Directions -
Starting at the top of the entries below, write out each line up to and including the one containing "- Errichtung stabiler". Leave the pictures out.

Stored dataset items
● ● ● ●
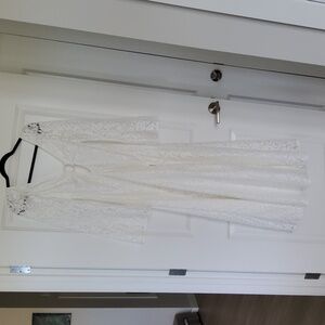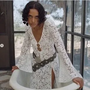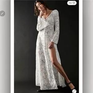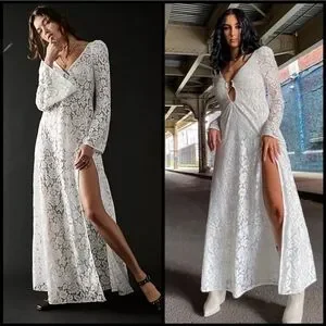 Gardenia Lace Maxi Cut with a Plunging Neckline, Low Scoop Back with an Adjustable Tie Detail Across Back Shoulders. Semi-Sheer Flared, Bell Long Sleeves.
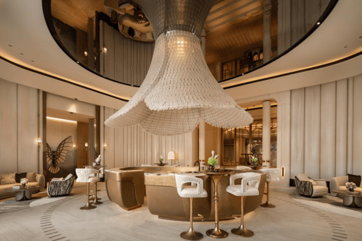 艺术颜值上,从 手工釉彩、 羽化光穹到 孤品奢石等,每个细节皆以匠艺雕琢,成就上海豪宅会所的美学典范
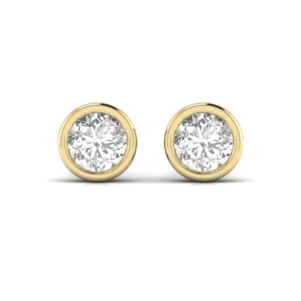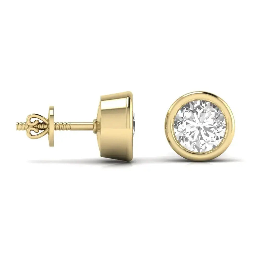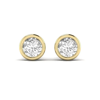 These 1.5 Carat Each Round Solitaire Diamond Bezel Earrings showcase stunning lab grown diamonds set in a sleek bezel design. Combining timeless elegance with modern craftsmanship, they offer exceptional brilliance and durability. Perfect for those seeking refined sophistication with a focus on sustainable luxury.
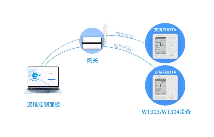 星纵物联WT303/WT304智能风机盘管温控器支持FUOTA(空中固件升级),能够快速实现固件远程升级,确保设备始终处于最佳性能状态并具备最新功能。
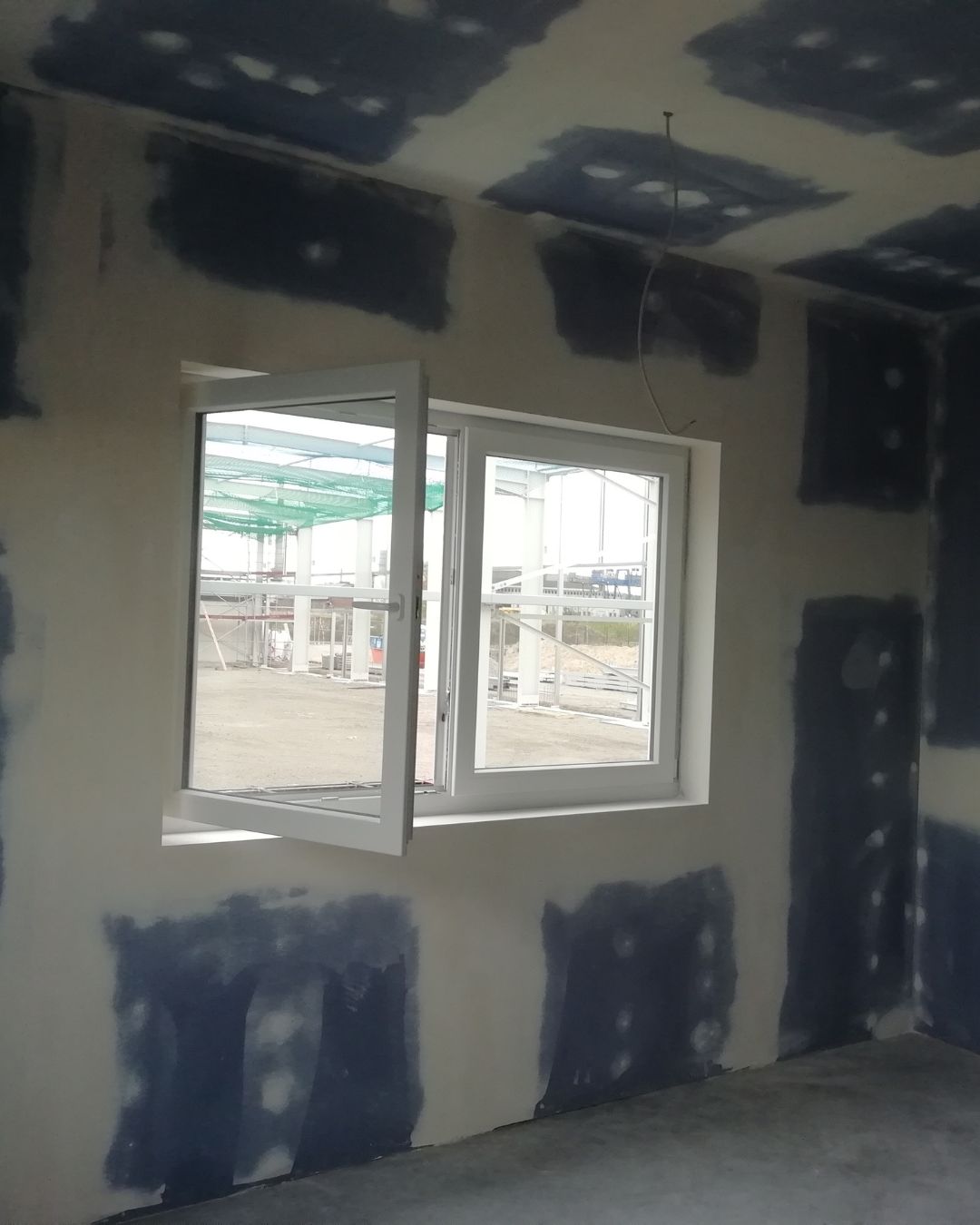 - Errichtung stabiler Gipskartonwände zur klaren Strukturierung von Büro-, Besprechungs- und Lagerbereichen
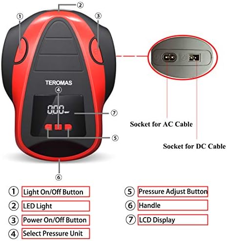 DIGITAL DISPLAY & LED Lighting: Bright backlight LCD display makes for convenient use at night. As well as being bright enough to see under strong sunlight, The air compressor gauge can display the pressure in PSI, BAR & KG/CM². TEROMAS air pump is equipped with bright and long-lasting LED lights, easy to use even in the dark.
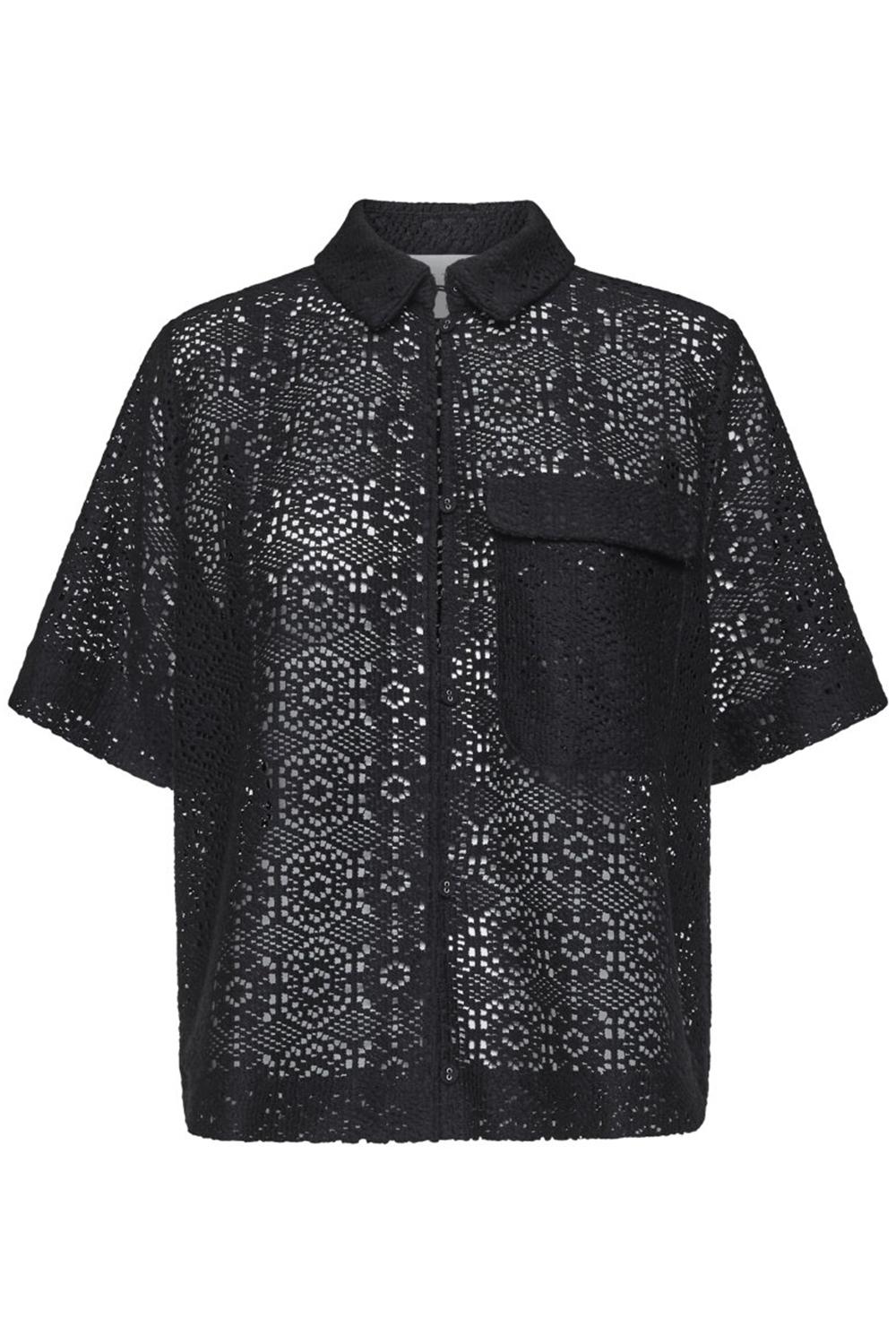 Deze zwarte blouse van SisterS Point is perfect voor zomerse dagen. De ajourpatroon geeft het een luchtige uitstraling, ideaal voor warm weer. Met een samenstelling van 65% polyester en 35% katoen, voelt de stof licht en comfortabel aan op je huid. De blouse heeft een regular fit en korte mouwen waardoor je je gemakkelijk kunt bewegen, of je nu een wandeling maakt of op een terras geniet. De blouse is gedetailleerd met stijlvolle klepzakken op de borst en een knoopsluiting, waardoor het een praktische keuze is voor diverse gelegenheden. Dankzij de puntkraag en het verfijnde ontwerp kun je deze blouse gemakkelijk combineren met zowel casual shorts voor een dagje uit als met een nette broek voor een avondje uit. Deze veelzijdige blouse is een tijdloze aanvulling op je zomergarderobe waarmee je stijlvol voor de dag komt.
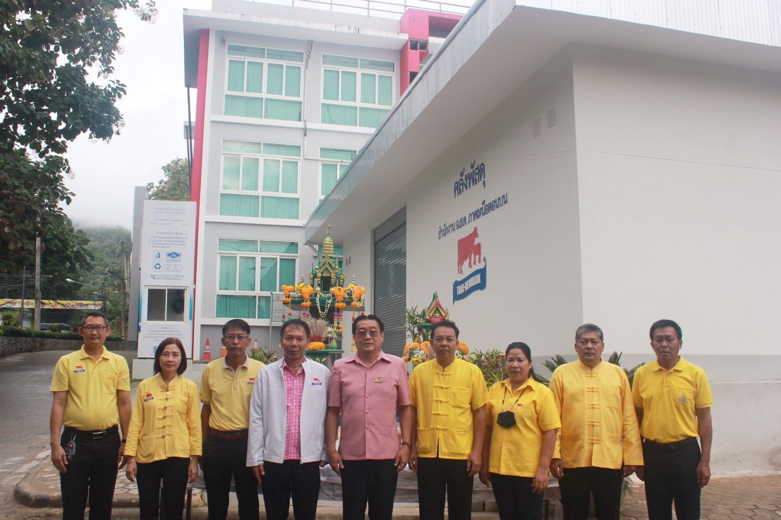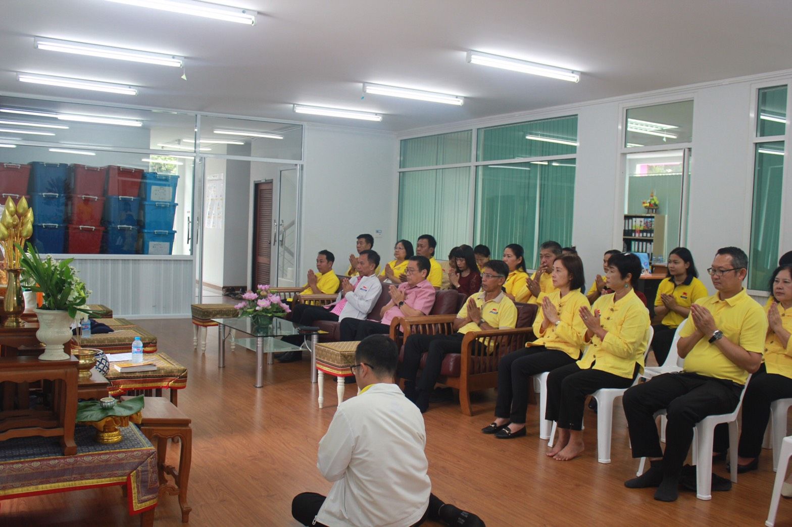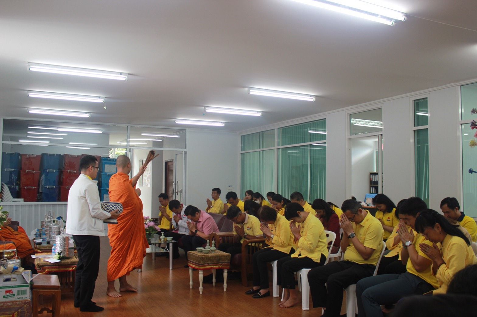 พิธีไหว้ศาลพระภูมิ ศาลเจ้าที่ สิ่งศักดิ์สิทธิ์ พิธีทำบุญสำนักงานและนิมนต์พระสงฆ์ทำพิธีเจิมอาคารคลังสินค้าหลังใหม่
● ● ● ●
Written answer -
 Gardenia Lace Maxi Cut with a Plunging Neckline, Low Scoop Back with an Adjustable Tie Detail Across Back Shoulders. Semi-Sheer Flared, Bell Long Sleeves.
 艺术颜值上,从 手工釉彩、 羽化光穹到 孤品奢石等,每个细节皆以匠艺雕琢,成就上海豪宅会所的美学典范
 These 1.5 Carat Each Round Solitaire Diamond Bezel Earrings showcase stunning lab grown diamonds set in a sleek bezel design. Combining timeless elegance with modern craftsmanship, they offer exceptional brilliance and durability. Perfect for those seeking refined sophistication with a focus on sustainable luxury.
 星纵物联WT303/WT304智能风机盘管温控器支持FUOTA(空中固件升级),能够快速实现固件远程升级,确保设备始终处于最佳性能状态并具备最新功能。
 - Errichtung stabiler Gipskartonwände zur klaren Strukturierung von Büro-, Besprechungs- und Lagerbereichen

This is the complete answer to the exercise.